**TASK GOAL:**
Transcribe each line below verbatim; pictures excluded.

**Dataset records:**
══════

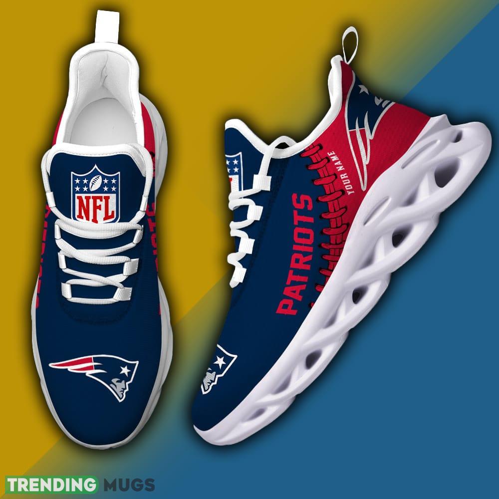 Don’t miss out on this opportunity to show off your Patriots pride in a unique and customized way. Order your New England Patriots NFL Logo New Style Max Soul Shoes Custom Name For Fans today and step up your fan gear like never before!
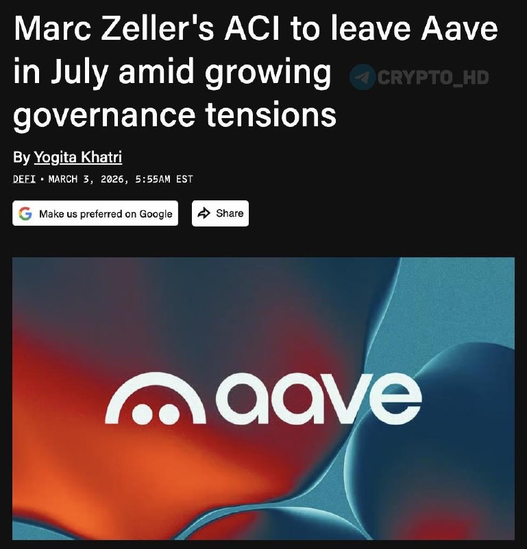 😡 В Aave продолжается управленческий раскол. Aave Chan Initiative (ACI), один из ключевых делегатов и сервис-провайдеров в Aave DAO, объявил об уходе в июле. Команда свернет деятельность в течение четырех месяцев и не станет продлевать контракт. Причина — конфликт вокруг управления и влияния Aave Labs. Спор начался с вопроса о перераспределении комиссий и перерос в дискуссию о том, кто на самом деле контролирует протокол. По словам основателя ACI, текущее голосование показало, что одна сторона способна проводить собственные бюджетные предложения даже при сопротивлении сообщества. Он считает процесс недостаточно децентрализованным. Ранее: - токены изобилия - стратегия развития - особняк основателя Crypto Headlines
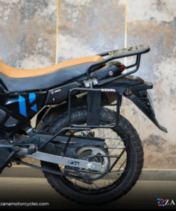 Saddle Stay for X-Pulse 200 – With Jerry Can Mount by Zana is designed with a patent-protected, robust construction for maximum durability and reliability. It is engineered to provide excellent support for heavy-duty luggage, specifically designed to accommodate a Jerry Can, which is securely mounted for long-distance rides. The Jerry Can Mount is permanently fixed, ensuring stability and reliability on all terrains.
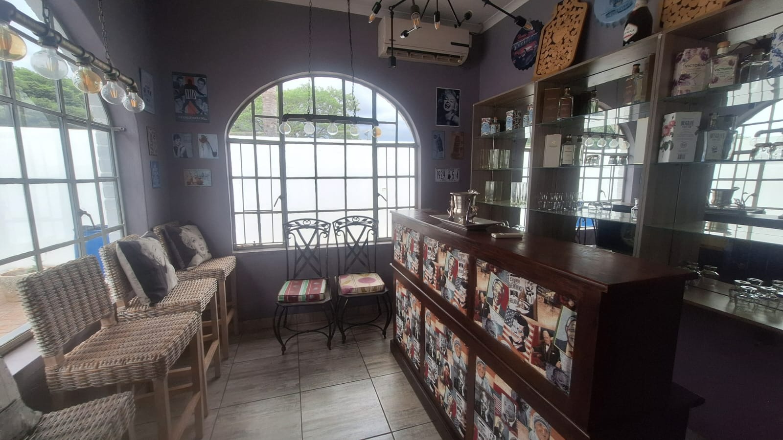 Enjoy open plan living with a stylish TV and dining room with an air conditioner, a practical kitchen, and a welcoming bar area.
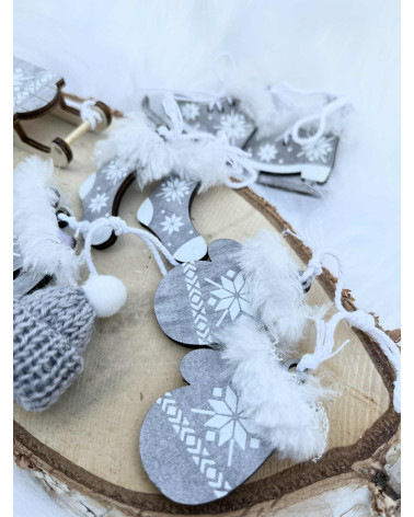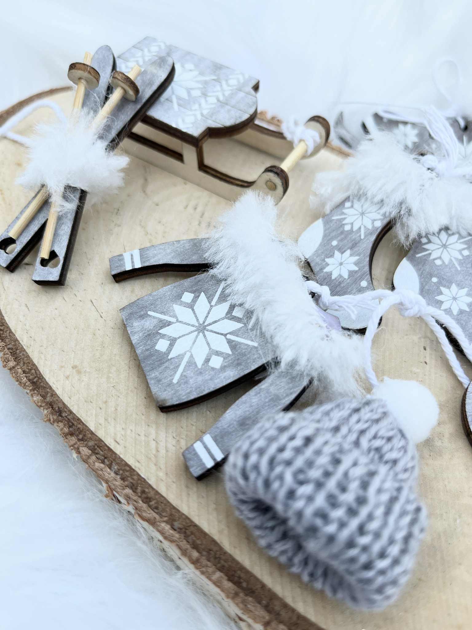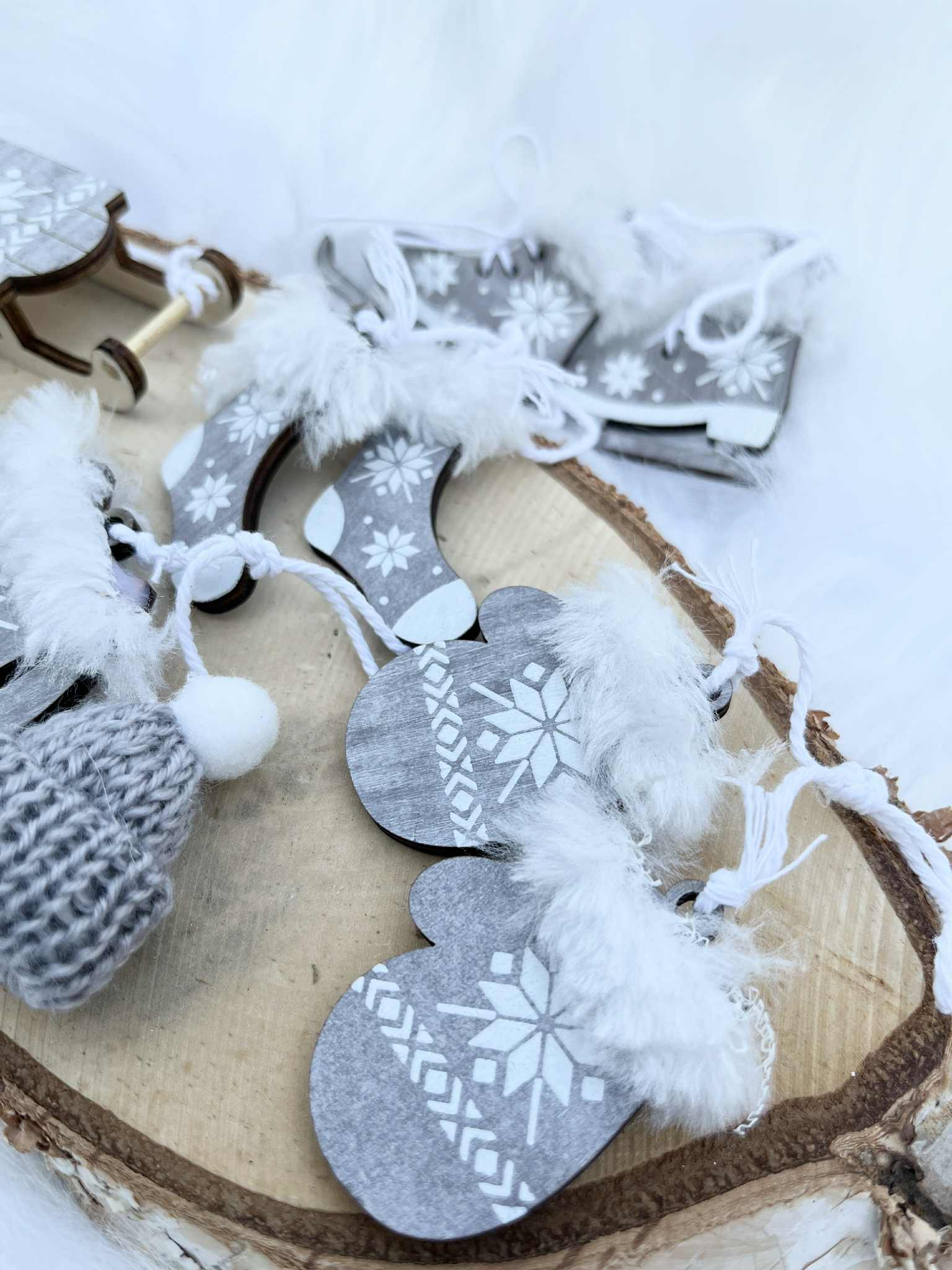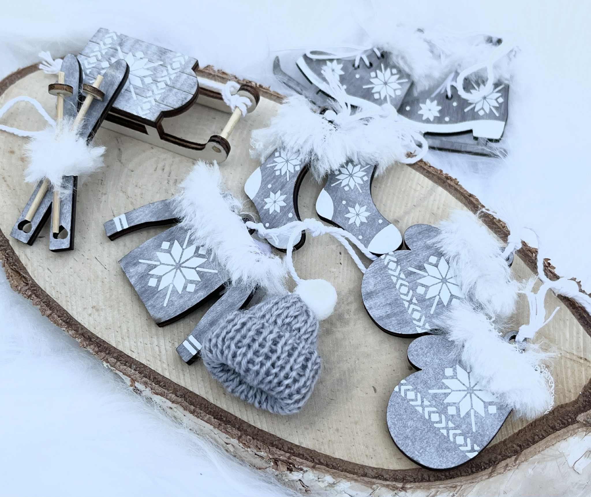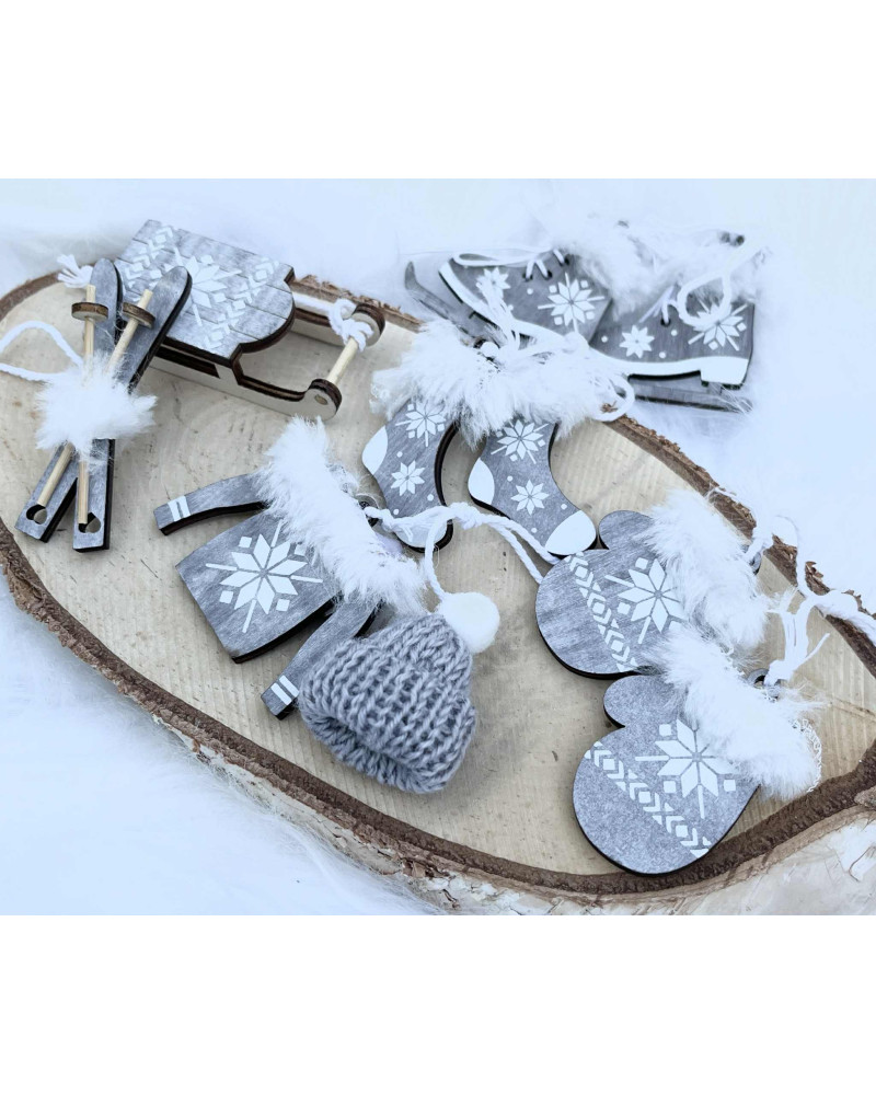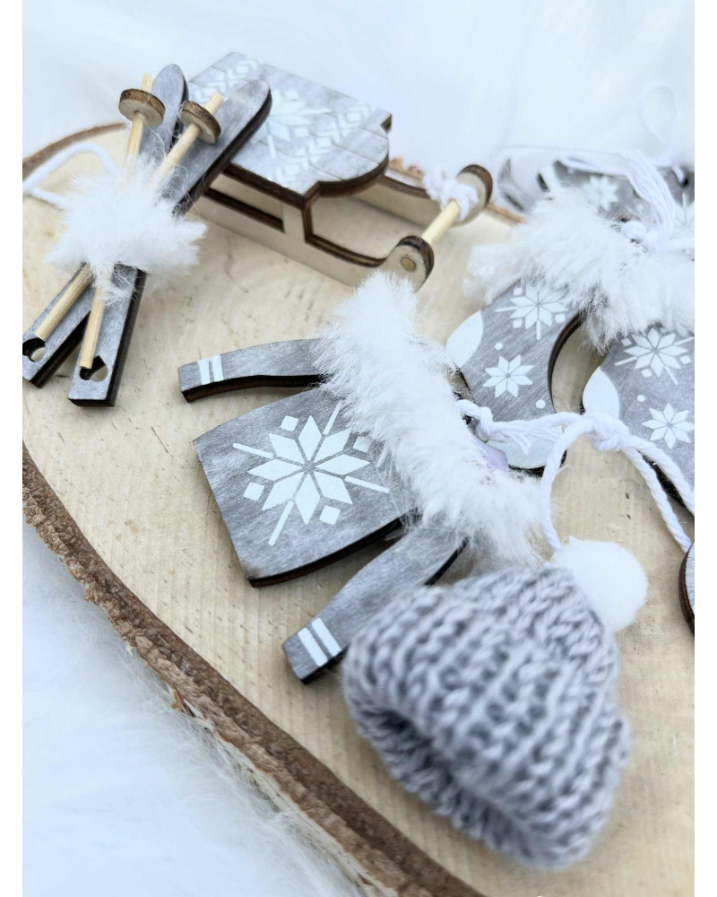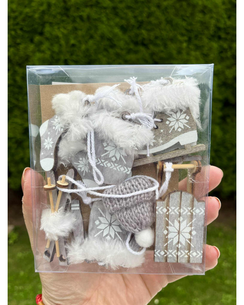 Sada drevených ozdôb v sivej farbe s bielymi ornamentom. Sada obsahuje dve rukavice, dve korčule, dve ponožky, sánky, lyže, sveter a čiapku. Sú v pároch na zavesenie.

══════

**WRITTEN SOLUTION:**
 Don’t miss out on this opportunity to show off your Patriots pride in a unique and customized way. Order your New England Patriots NFL Logo New Style Max Soul Shoes Custom Name For Fans today and step up your fan gear like never before!
 😡 В Aave продолжается управленческий раскол. Aave Chan Initiative (ACI), один из ключевых делегатов и сервис-провайдеров в Aave DAO, объявил об уходе в июле. Команда свернет деятельность в течение четырех месяцев и не станет продлевать контракт. Причина — конфликт вокруг управления и влияния Aave Labs. Спор начался с вопроса о перераспределении комиссий и перерос в дискуссию о том, кто на самом деле контролирует протокол. По словам основателя ACI, текущее голосование показало, что одна сторона способна проводить собственные бюджетные предложения даже при сопротивлении сообщества. Он считает процесс недостаточно децентрализованным. Ранее: - токены изобилия - стратегия развития - особняк основателя Crypto Headlines
 Saddle Stay for X-Pulse 200 – With Jerry Can Mount by Zana is designed with a patent-protected, robust construction for maximum durability and reliability. It is engineered to provide excellent support for heavy-duty luggage, specifically designed to accommodate a Jerry Can, which is securely mounted for long-distance rides. The Jerry Can Mount is permanently fixed, ensuring stability and reliability on all terrains.
 Enjoy open plan living with a stylish TV and dining room with an air conditioner, a practical kitchen, and a welcoming bar area.
 Sada drevených ozdôb v sivej farbe s bielymi ornamentom. Sada obsahuje dve rukavice, dve korčule, dve ponožky, sánky, lyže, sveter a čiapku. Sú v pároch na zavesenie.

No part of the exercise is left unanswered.